MATERIAL FOR THE TASK:
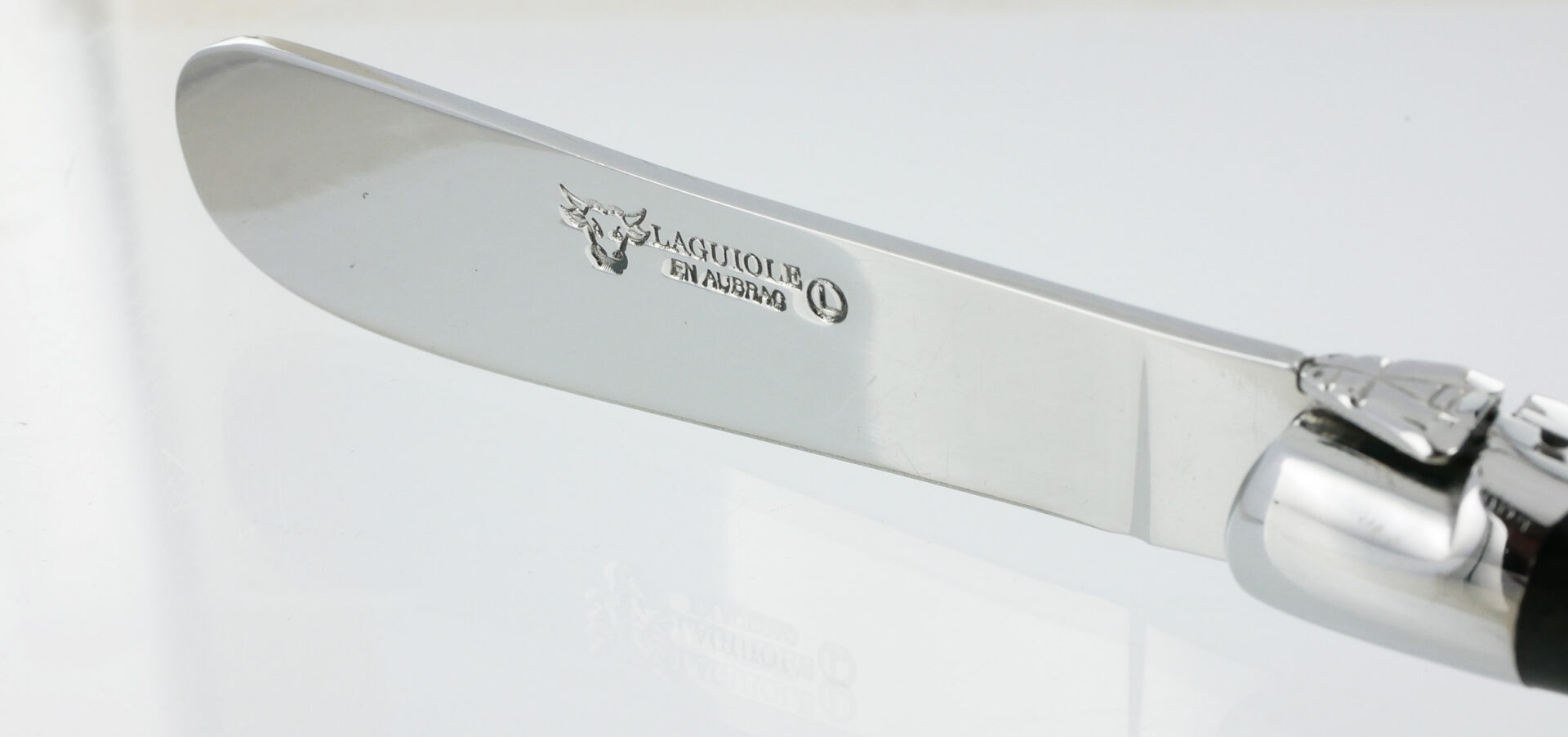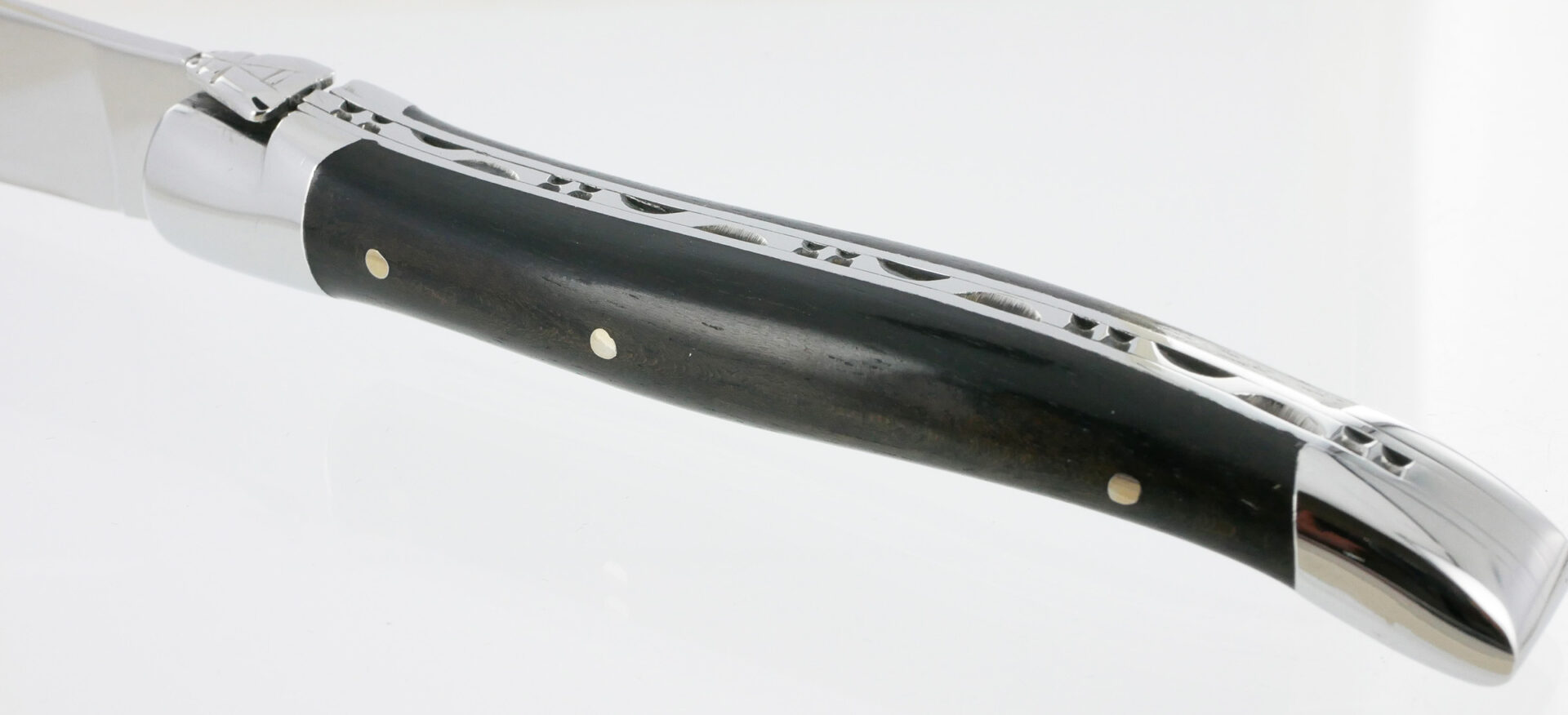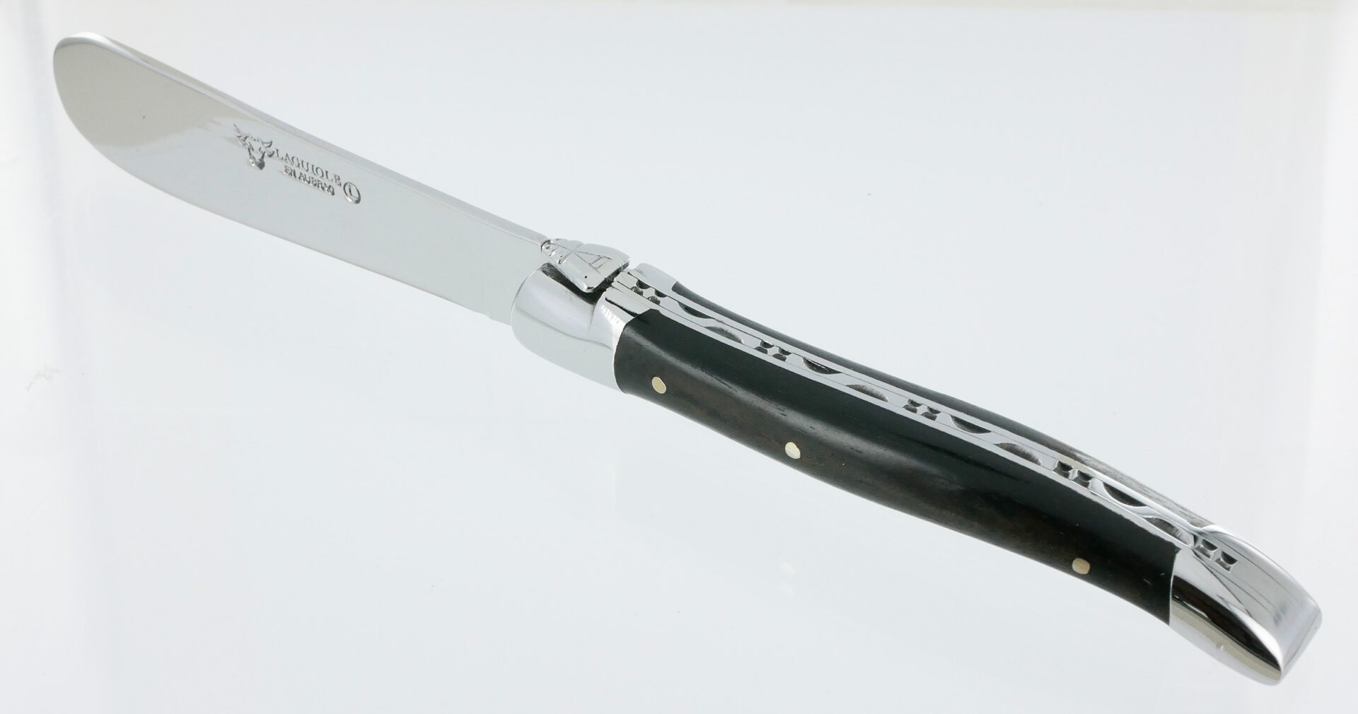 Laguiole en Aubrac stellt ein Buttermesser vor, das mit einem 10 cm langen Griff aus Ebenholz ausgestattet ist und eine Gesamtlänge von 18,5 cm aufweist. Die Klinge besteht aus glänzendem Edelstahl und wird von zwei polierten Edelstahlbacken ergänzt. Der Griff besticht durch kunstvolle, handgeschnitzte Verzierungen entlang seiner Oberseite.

* * *

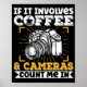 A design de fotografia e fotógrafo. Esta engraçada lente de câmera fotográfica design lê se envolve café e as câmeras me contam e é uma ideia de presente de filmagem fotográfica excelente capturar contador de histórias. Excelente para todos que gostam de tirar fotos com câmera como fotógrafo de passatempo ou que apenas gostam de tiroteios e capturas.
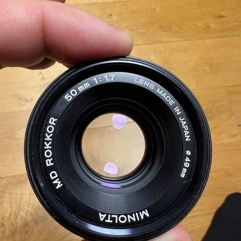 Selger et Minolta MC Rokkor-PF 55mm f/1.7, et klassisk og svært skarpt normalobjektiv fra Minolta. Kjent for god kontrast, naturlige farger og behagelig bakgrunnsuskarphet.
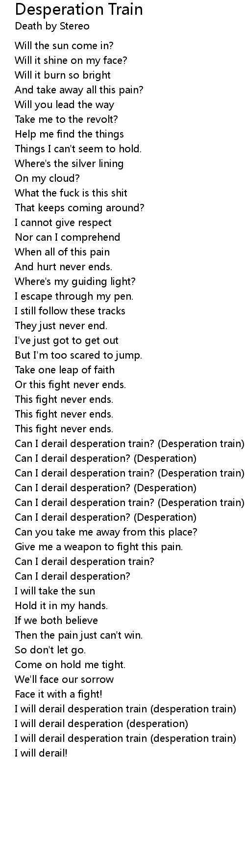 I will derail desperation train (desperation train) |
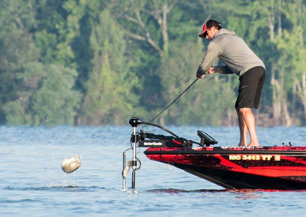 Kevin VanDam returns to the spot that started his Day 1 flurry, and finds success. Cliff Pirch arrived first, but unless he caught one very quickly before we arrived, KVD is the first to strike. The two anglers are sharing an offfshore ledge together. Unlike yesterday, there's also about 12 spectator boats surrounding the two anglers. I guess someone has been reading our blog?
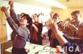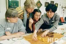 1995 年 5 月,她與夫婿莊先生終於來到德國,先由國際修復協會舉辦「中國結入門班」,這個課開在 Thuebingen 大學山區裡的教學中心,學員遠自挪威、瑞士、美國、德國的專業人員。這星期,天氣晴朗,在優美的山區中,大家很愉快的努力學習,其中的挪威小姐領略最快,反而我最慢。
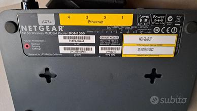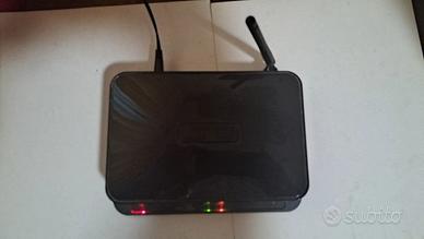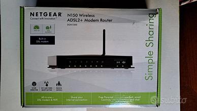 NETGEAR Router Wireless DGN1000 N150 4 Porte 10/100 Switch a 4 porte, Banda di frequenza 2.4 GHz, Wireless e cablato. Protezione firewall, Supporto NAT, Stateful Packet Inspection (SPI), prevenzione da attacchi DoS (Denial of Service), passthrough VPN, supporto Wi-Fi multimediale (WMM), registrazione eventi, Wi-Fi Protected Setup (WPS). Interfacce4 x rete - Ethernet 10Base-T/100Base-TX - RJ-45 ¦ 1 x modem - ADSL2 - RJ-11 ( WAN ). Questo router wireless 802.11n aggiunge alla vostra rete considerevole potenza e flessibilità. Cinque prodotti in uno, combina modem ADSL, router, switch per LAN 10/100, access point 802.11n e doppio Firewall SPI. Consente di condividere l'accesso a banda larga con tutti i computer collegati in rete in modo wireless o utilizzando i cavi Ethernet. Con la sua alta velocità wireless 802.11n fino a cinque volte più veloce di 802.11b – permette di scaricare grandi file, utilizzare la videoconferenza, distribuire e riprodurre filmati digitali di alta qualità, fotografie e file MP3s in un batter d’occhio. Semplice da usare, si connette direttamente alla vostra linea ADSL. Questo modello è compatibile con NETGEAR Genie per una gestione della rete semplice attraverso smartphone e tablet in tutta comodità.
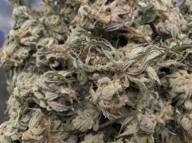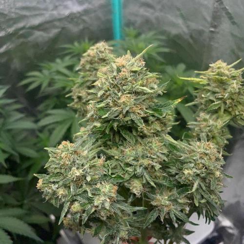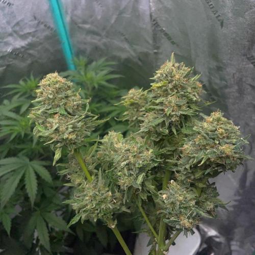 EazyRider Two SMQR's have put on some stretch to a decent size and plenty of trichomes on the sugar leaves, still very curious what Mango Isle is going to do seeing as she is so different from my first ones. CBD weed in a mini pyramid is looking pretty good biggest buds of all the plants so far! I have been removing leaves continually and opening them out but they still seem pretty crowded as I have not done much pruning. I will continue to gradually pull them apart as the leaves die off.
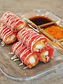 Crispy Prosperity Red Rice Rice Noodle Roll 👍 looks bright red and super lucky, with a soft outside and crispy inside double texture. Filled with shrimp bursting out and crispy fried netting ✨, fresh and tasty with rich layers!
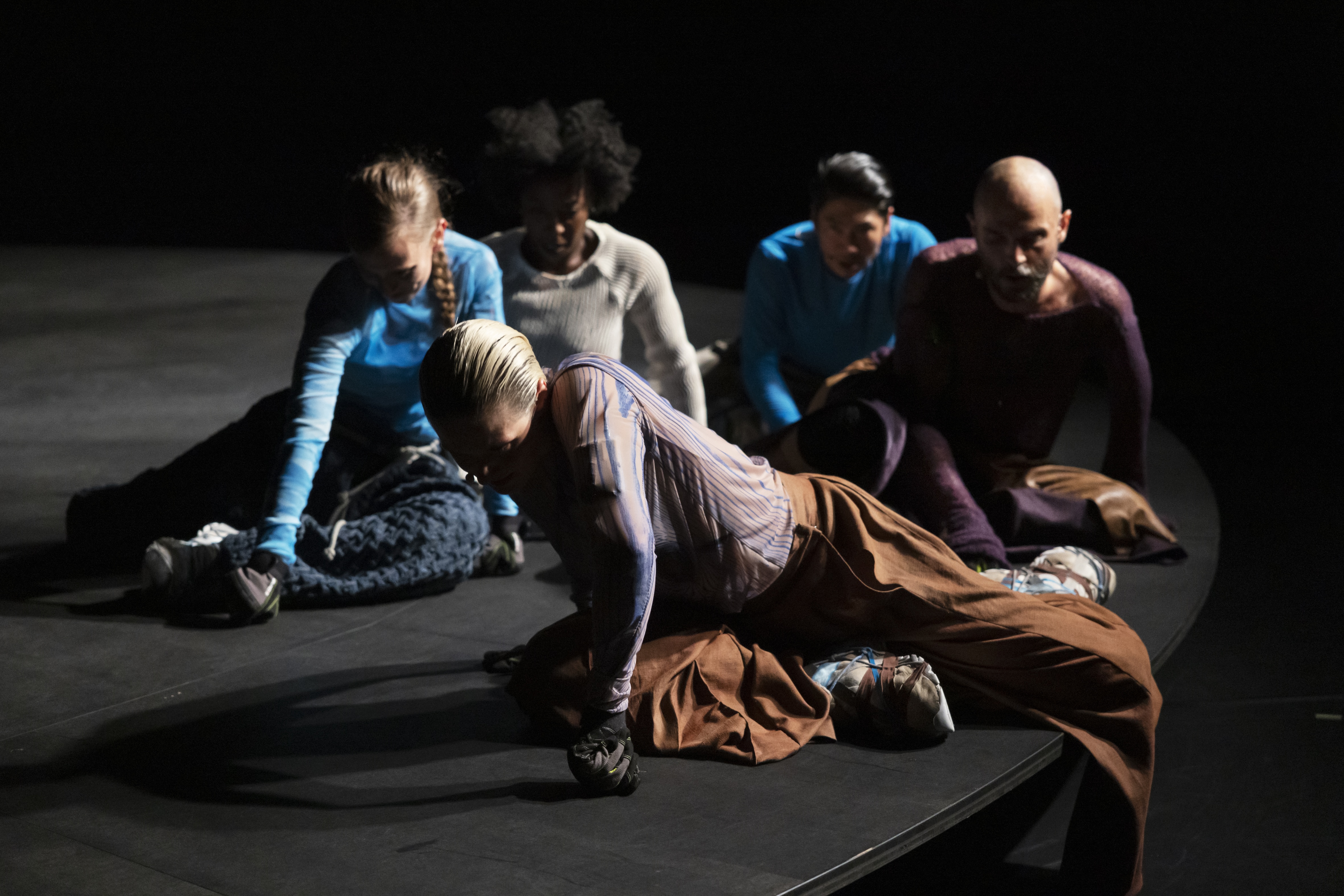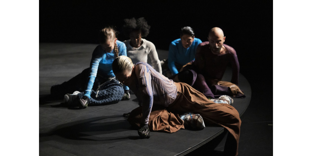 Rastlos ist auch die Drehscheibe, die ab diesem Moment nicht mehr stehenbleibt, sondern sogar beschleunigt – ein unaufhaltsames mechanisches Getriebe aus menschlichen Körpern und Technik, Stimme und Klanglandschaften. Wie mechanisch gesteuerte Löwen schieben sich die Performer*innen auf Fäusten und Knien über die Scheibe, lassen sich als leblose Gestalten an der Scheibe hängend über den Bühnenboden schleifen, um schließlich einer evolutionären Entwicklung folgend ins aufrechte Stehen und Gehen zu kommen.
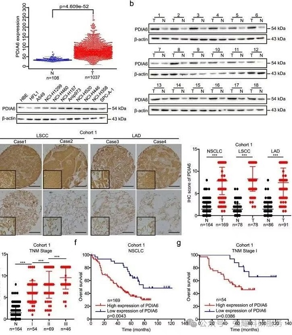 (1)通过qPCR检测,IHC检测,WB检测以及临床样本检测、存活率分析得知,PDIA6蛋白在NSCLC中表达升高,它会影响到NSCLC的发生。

EXERCISE: Range to copy from the listing above: the line with "EazyRider Two SMQR's" through the line with "Crispy Prosperity Red". Transcribe it exactly and skip the pictures.

WORKED SOLUTION:
 EazyRider Two SMQR's have put on some stretch to a decent size and plenty of trichomes on the sugar leaves, still very curious what Mango Isle is going to do seeing as she is so different from my first ones. CBD weed in a mini pyramid is looking pretty good biggest buds of all the plants so far! I have been removing leaves continually and opening them out but they still seem pretty crowded as I have not done much pruning. I will continue to gradually pull them apart as the leaves die off.
 Crispy Prosperity Red Rice Rice Noodle Roll 👍 looks bright red and super lucky, with a soft outside and crispy inside double texture. Filled with shrimp bursting out and crispy fried netting ✨, fresh and tasty with rich layers!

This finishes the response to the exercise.